Problem to solve -> Write out every entry below exactly as it appears. Pictures do not belong in the copy.
◆ ◆ ◆ ◆
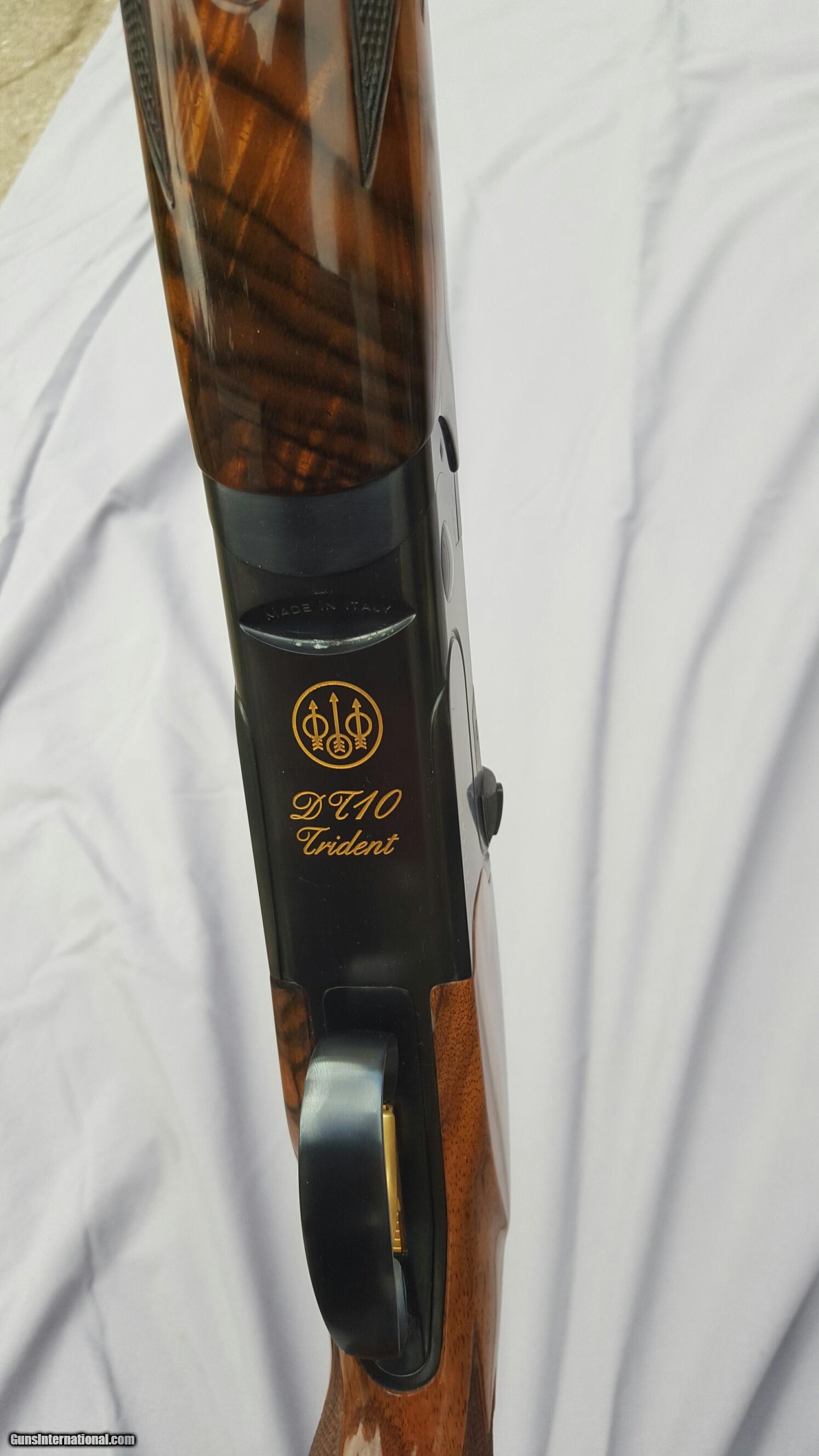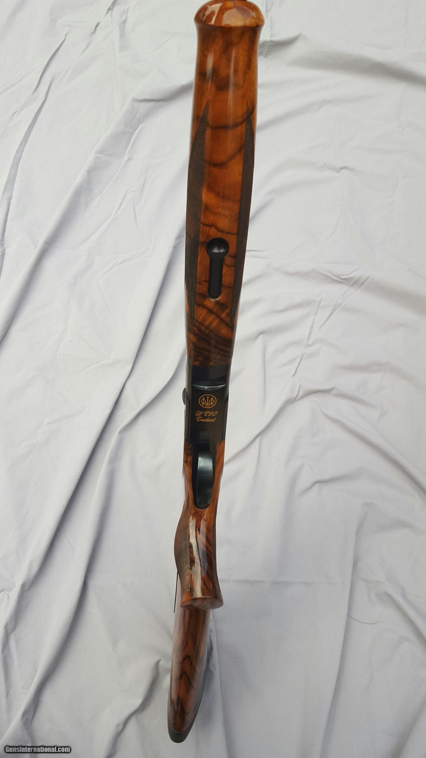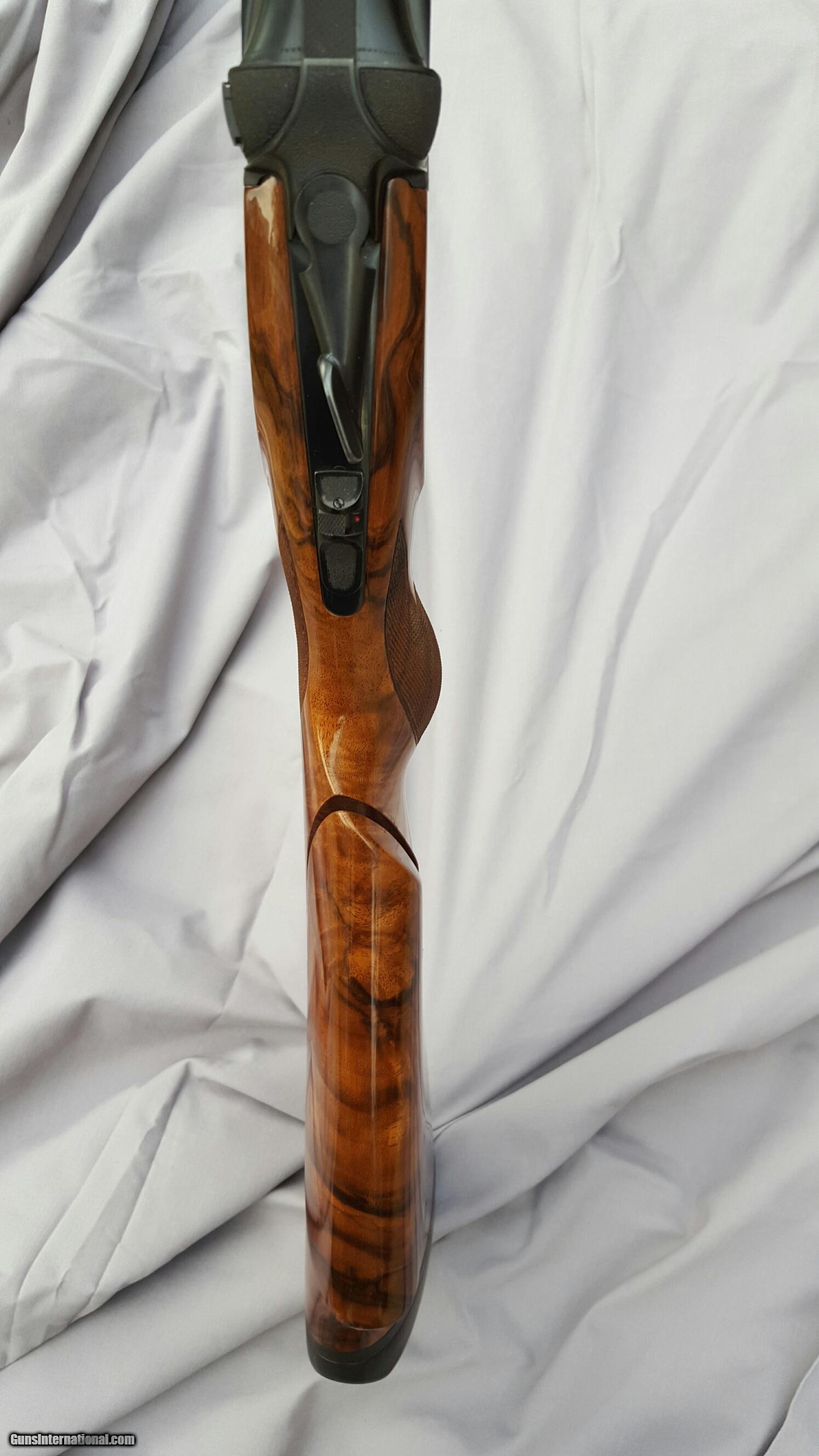 Description: Beretta DT 10, 12 gauge, 30 inch barrels, ramped rib. Wenig New American, Turkish walnut stock with adjustable comb, Schnabel forend. This is gun art. Extreme chokes. Beretta case, snap caps, pamphlets, flannel sleeves. Gun is 99% plus. Stock dimensions: DAC 1-5/8", DAH 2-5/16", Cast 1/4" offset right, Comb offset 1/8" right (slight rollover) Toe out 5/8" for right hander, 15" LOP. Right hand palm swell. Except for LOP this type of stock will fit most any right handed shooter. Stock cost over $5,000. Prettiest DT10 anywhere, people comment wherever I go shoot. Vertical pictures best depict wood color. Trade considered. SOLD |
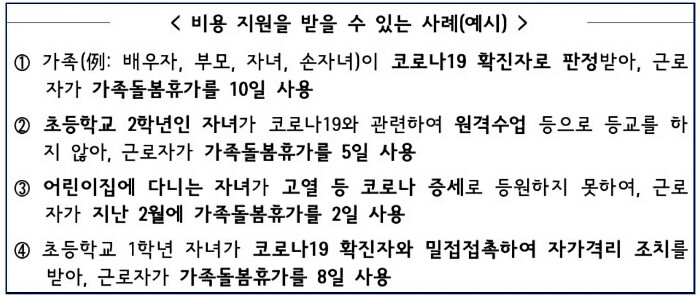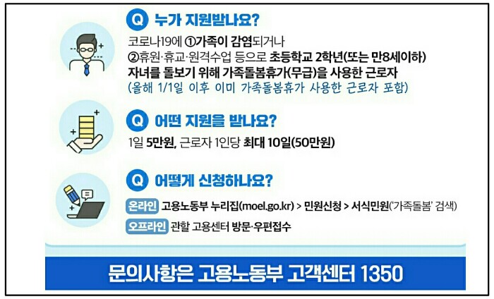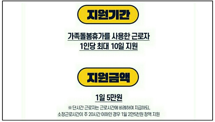 코로나에 가족이 감염되거나 휴원, 휴교, 원격수업 등으로 자녀를 돌보기 위해 2021년 가족돌봄휴가(무급)를 사용한 근로자에게 가족돌봄비용 긴급 지원금을 지급합니다.
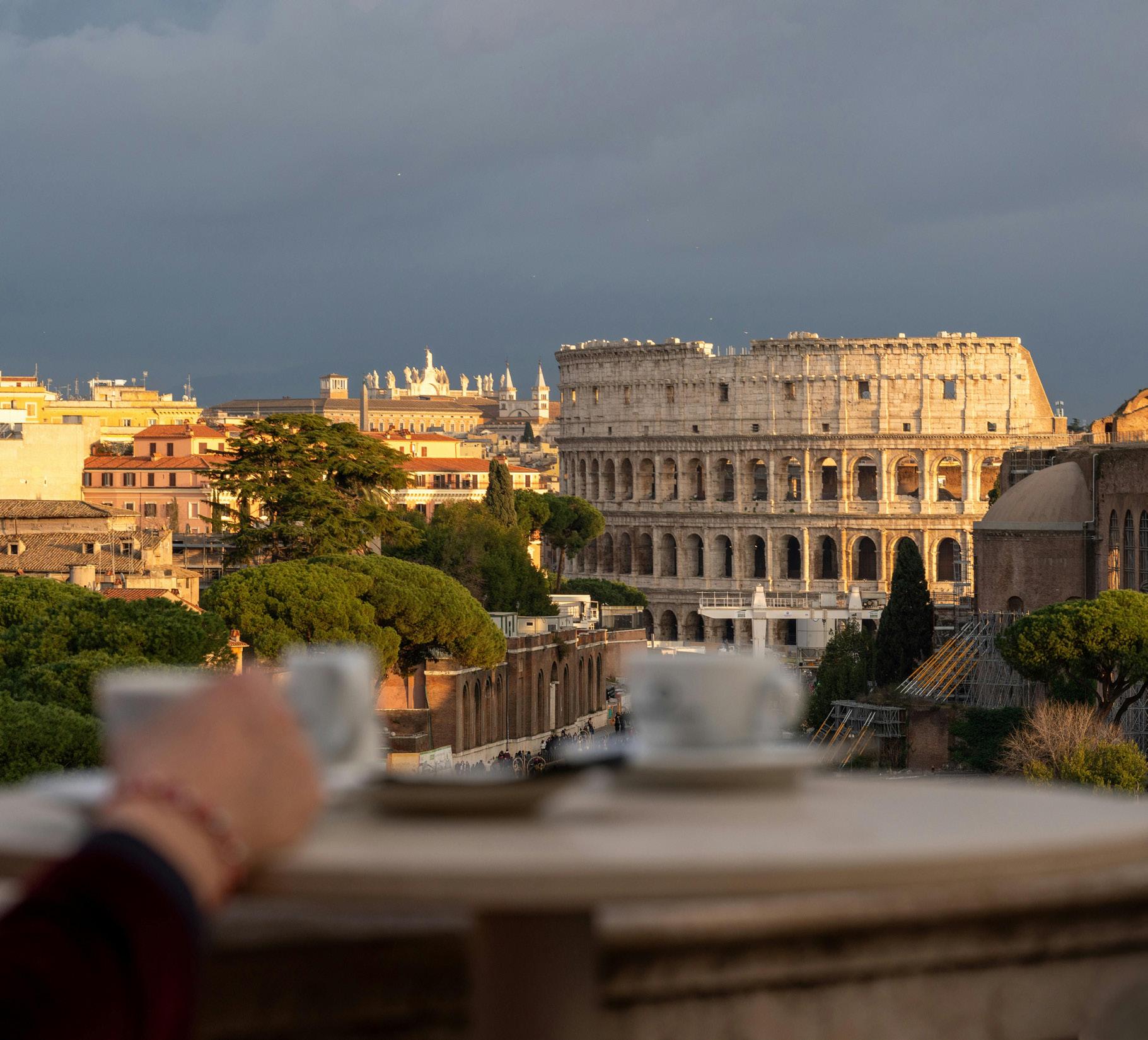 Drink your coffee, close your eyes, and picture a balcony with the Colosseum.
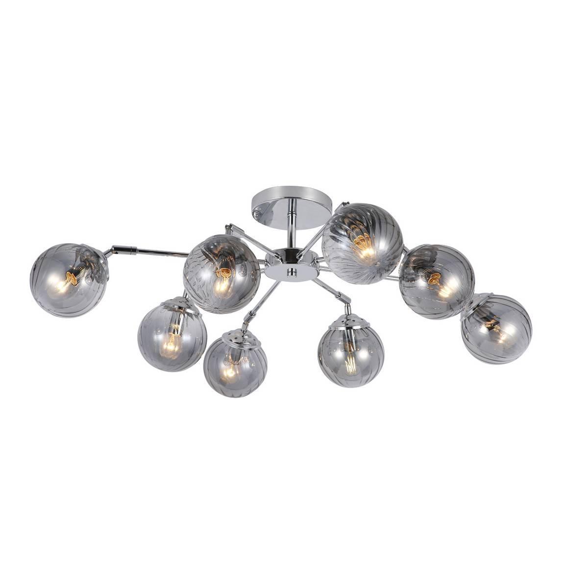 Потолочная люстра Evoluce Fasia SLE102202-08 от Китайского бренда Evoluce из коллекции Fasia будет удачно смотреться в гостиной в стиле модерн. Светильник выполнен из стекла с плафонами в форме шара дымчатого цвета.
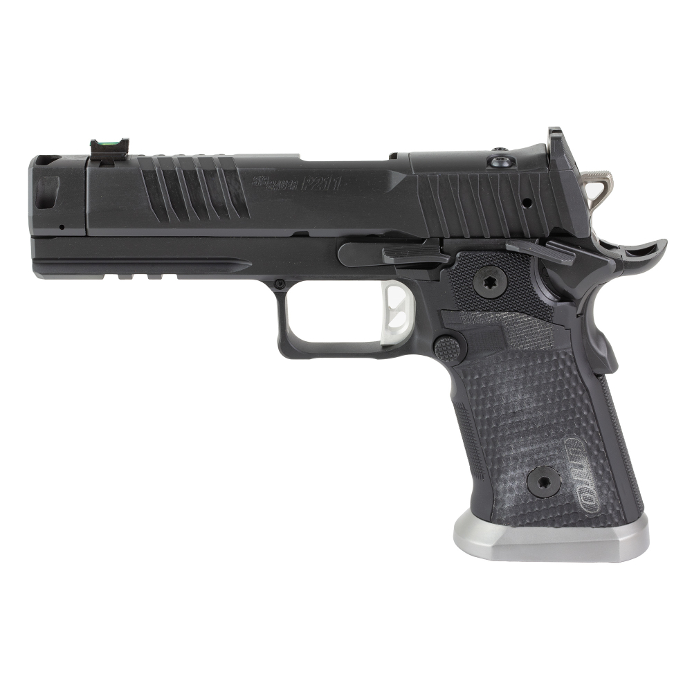 Sig Sauer P211, Semi-automatic, Single Action Only, Metal Frame Pistol, Full Size, 9MM, 4.4" Barrel, MACH3D Compensator, Matte Finish, Black, Sig-Loc Pro Footprint Optics Ready Slide, Fiber Optic Sight, Flared Magwell, 3 Magazines, 10 Rounds 211F-9-GTO-10
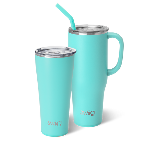 Hydrating has never been easier with our 40oz Insulated Mega Mug! A cup holder-friendly frame, a comfort-grip handle, and a plastic straw with a silicone flexi-tip all come together to create your new favorite Swig.
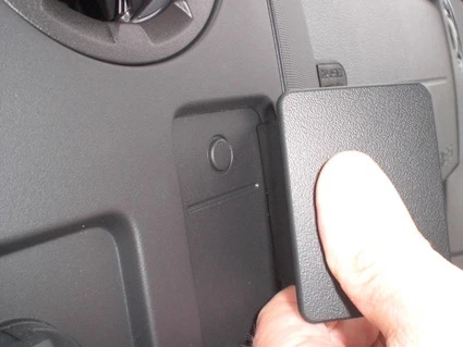 Press firmly forward on the right side of the ProClip so it flexes towards the gap openers and hooks around the panel edge between the gap openers. Press until you see or hear/feel it click into place. Pull out the gap openers.
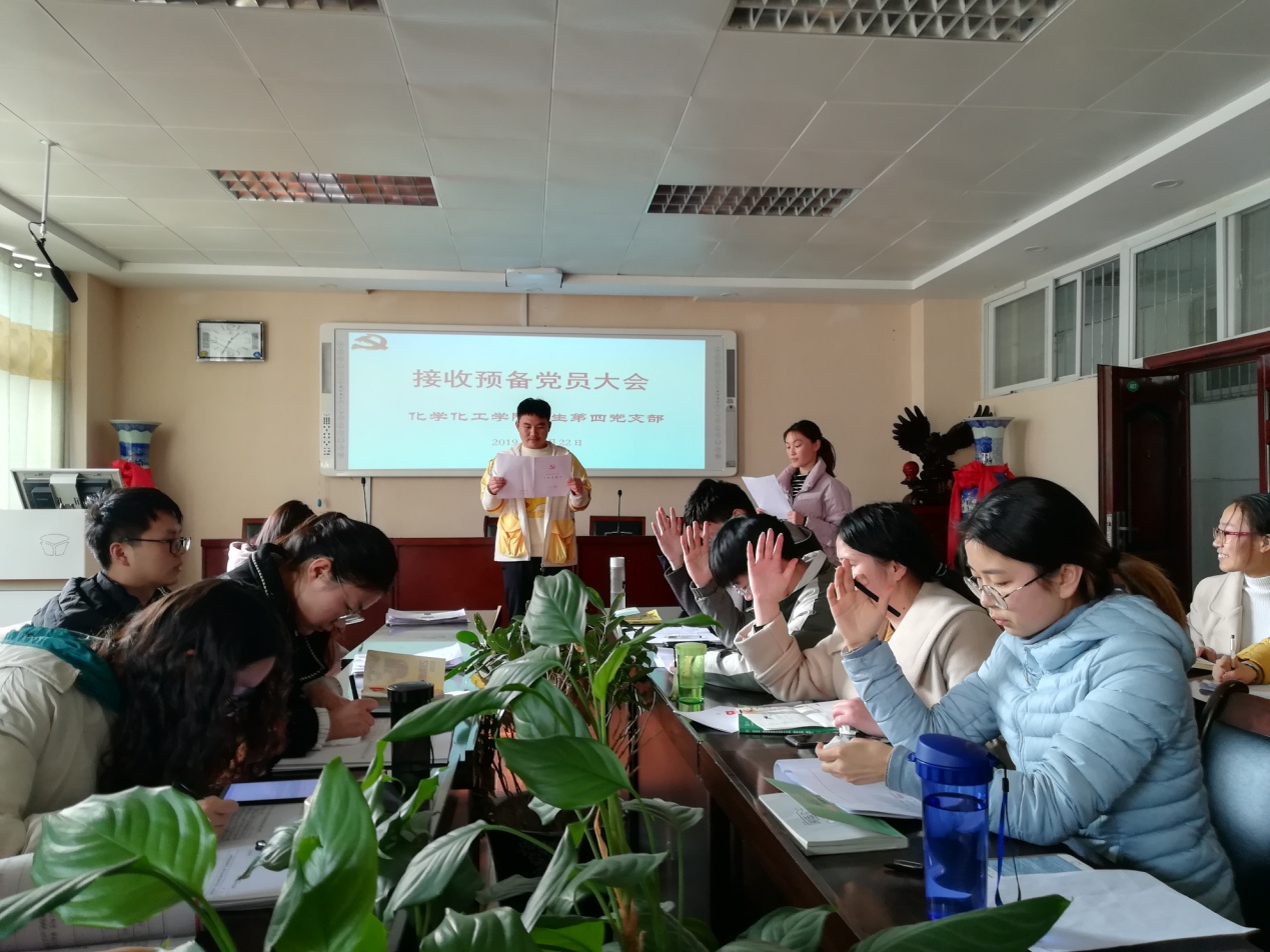 11月22日中午,betway西汉姆联平台员工第四党支部在实验楼407会议室召开预备党员接收支部大会。第四党支部王露洁同志主持本次会议。
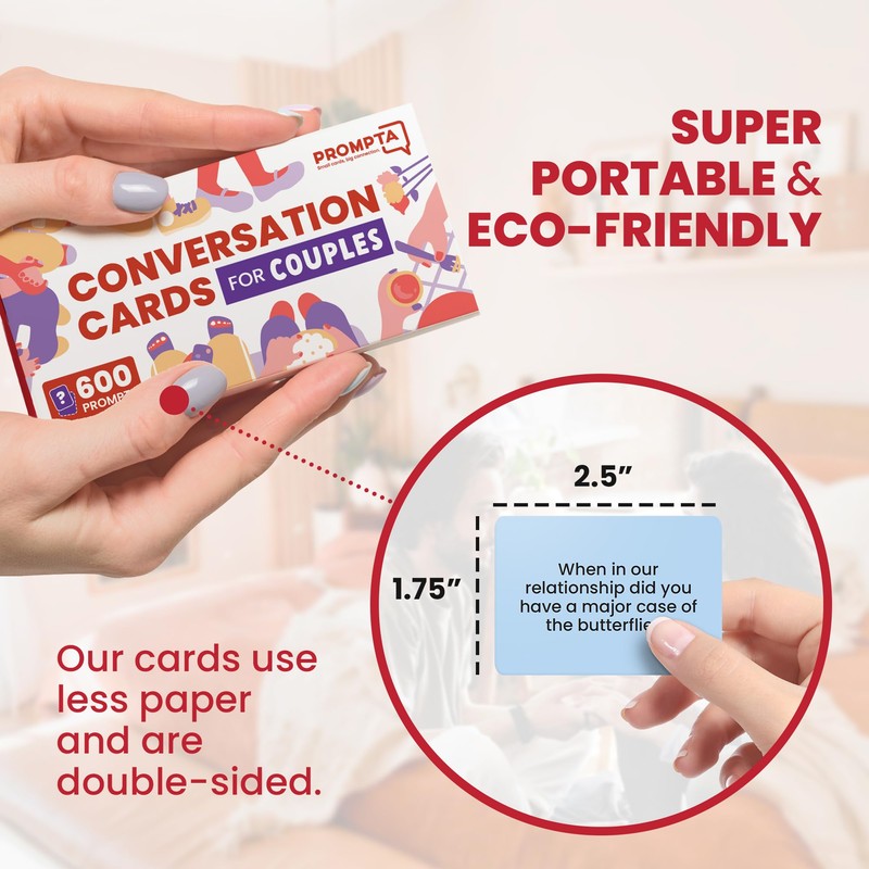 - Includes 600 questions! 2-6x the number of cards offered by other conversation card sets. The cards are small (2.5” x 1.75”) and double-sided with no branding, because all that matters is the questions printed on them and the experience you and your partner have using them.
◆ ◆ ◆ ◆
Result for this exercise ->
 Description: Beretta DT 10, 12 gauge, 30 inch barrels, ramped rib. Wenig New American, Turkish walnut stock with adjustable comb, Schnabel forend. This is gun art. Extreme chokes. Beretta case, snap caps, pamphlets, flannel sleeves. Gun is 99% plus. Stock dimensions: DAC 1-5/8", DAH 2-5/16", Cast 1/4" offset right, Comb offset 1/8" right (slight rollover) Toe out 5/8" for right hander, 15" LOP. Right hand palm swell. Except for LOP this type of stock will fit most any right handed shooter. Stock cost over $5,000. Prettiest DT10 anywhere, people comment wherever I go shoot. Vertical pictures best depict wood color. Trade considered. SOLD |
 코로나에 가족이 감염되거나 휴원, 휴교, 원격수업 등으로 자녀를 돌보기 위해 2021년 가족돌봄휴가(무급)를 사용한 근로자에게 가족돌봄비용 긴급 지원금을 지급합니다.
 Drink your coffee, close your eyes, and picture a balcony with the Colosseum.
 Потолочная люстра Evoluce Fasia SLE102202-08 от Китайского бренда Evoluce из коллекции Fasia будет удачно смотреться в гостиной в стиле модерн. Светильник выполнен из стекла с плафонами в форме шара дымчатого цвета.
 Sig Sauer P211, Semi-automatic, Single Action Only, Metal Frame Pistol, Full Size, 9MM, 4.4" Barrel, MACH3D Compensator, Matte Finish, Black, Sig-Loc Pro Footprint Optics Ready Slide, Fiber Optic Sight, Flared Magwell, 3 Magazines, 10 Rounds 211F-9-GTO-10
 Hydrating has never been easier with our 40oz Insulated Mega Mug! A cup holder-friendly frame, a comfort-grip handle, and a plastic straw with a silicone flexi-tip all come together to create your new favorite Swig.
 Press firmly forward on the right side of the ProClip so it flexes towards the gap openers and hooks around the panel edge between the gap openers. Press until you see or hear/feel it click into place. Pull out the gap openers.
 11月22日中午,betway西汉姆联平台员工第四党支部在实验楼407会议室召开预备党员接收支部大会。第四党支部王露洁同志主持本次会议。
 - Includes 600 questions! 2-6x the number of cards offered by other conversation card sets. The cards are small (2.5” x 1.75”) and double-sided with no branding, because all that matters is the questions printed on them and the experience you and your partner have using them.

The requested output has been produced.